Iron(III) porphyrin anchored onto organosilylated multiwalled carbon nanotubes as an active catalyst for epoxidation reactions under mild conditions

The immobilization of an efficient iron(III) porphyrin catalyst onto multiwalled carbon nanotubes (MWCNT) is reported through a quaternization reaction between the dimethylamine-tetrafluorophenyl groups of the metalloporphyrin and the bromoalkyl moieties attached on the nanotubes surface. Prefunctionalization of MWCNT considered its direct reaction with 4-hydroxyaniline to introduce hydroxyphenyl groups on the nanotube sidewalls, followed by silylation with a bromoalkylorganosilane.
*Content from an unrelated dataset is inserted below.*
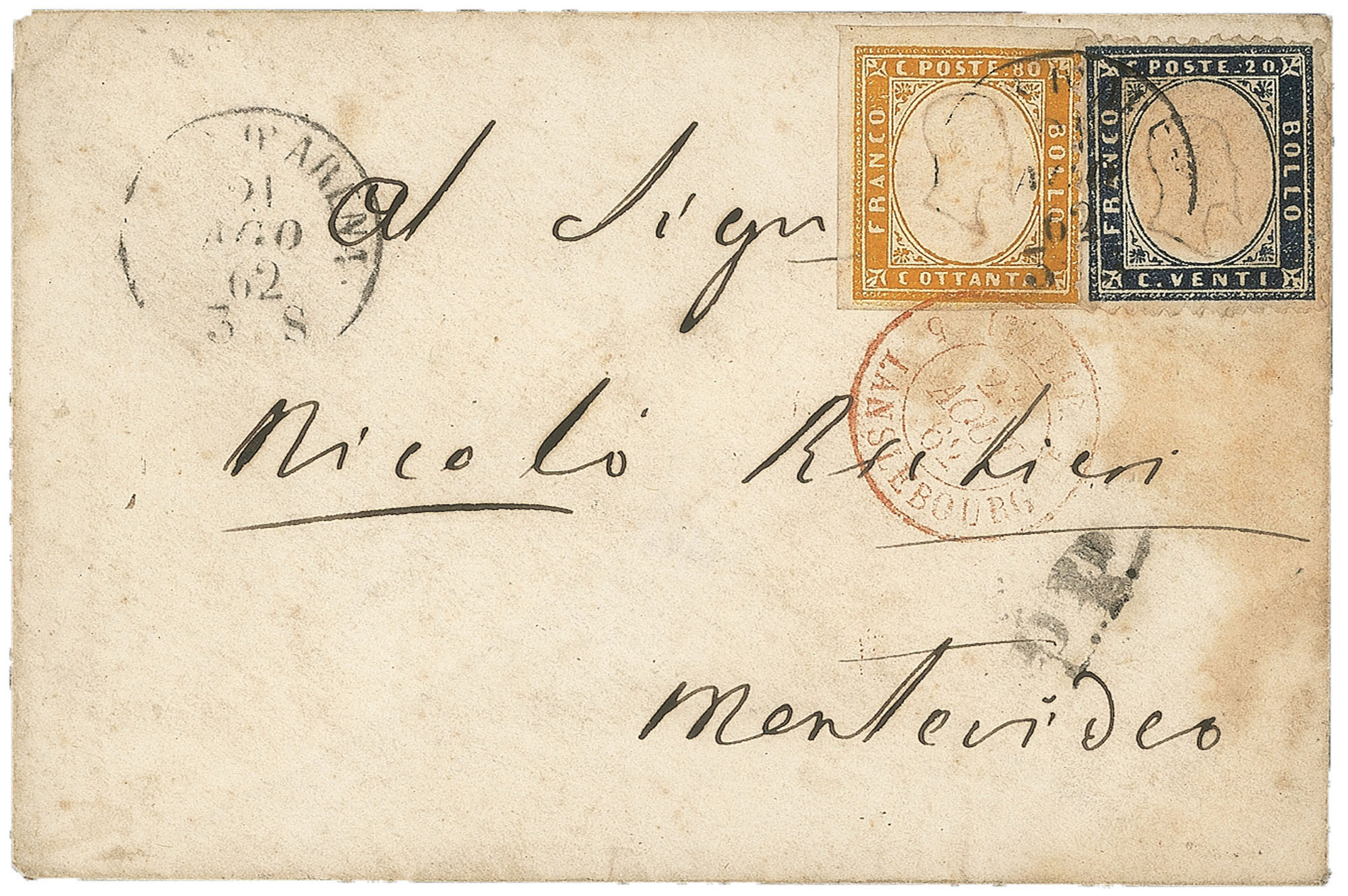 Prefilateliche - Bustina (17D + 2)Bustina con affrancatura mista Sardegna 80 cent arancio carico + Regno 20 cent indaco (17D + 2) da S.Pier d'Arena 21 AGO 62 per Montevideo con a lato il bollo P.P. e al verso bollo ambulante - non comune

The preparation of the catalysts was performed in conventional and microwave heating, and the obtained materials were characterized by XPS, TGA, FTIR, and XRD. Although the two procedures led to similar functionalization degree, the microwave-assisted synthesis allowed the anchoring reaction to be performed in 1 h, reducing significantly the reaction time relatively to conventional heating. For both materials, the catalyst loading was 76 mu mol g(-1) based on the iron content obtained by XPS. The materials were tested as recyclable catalysts in the epoxidation of cis-cyclooctene by hydrogen peroxide as a green oxidant at room temperature, and in ethanol as a cheap and environmental compatible solvent with no need of other additives. A 95 % conversion and 100 % selectivity towards the epoxide were obtained after 5 h of reaction time, and the reutilization of the catalysts, upon three cycles, was more efficient when the rate of H2O2 addition was 0.5 molar equivalents h(-1).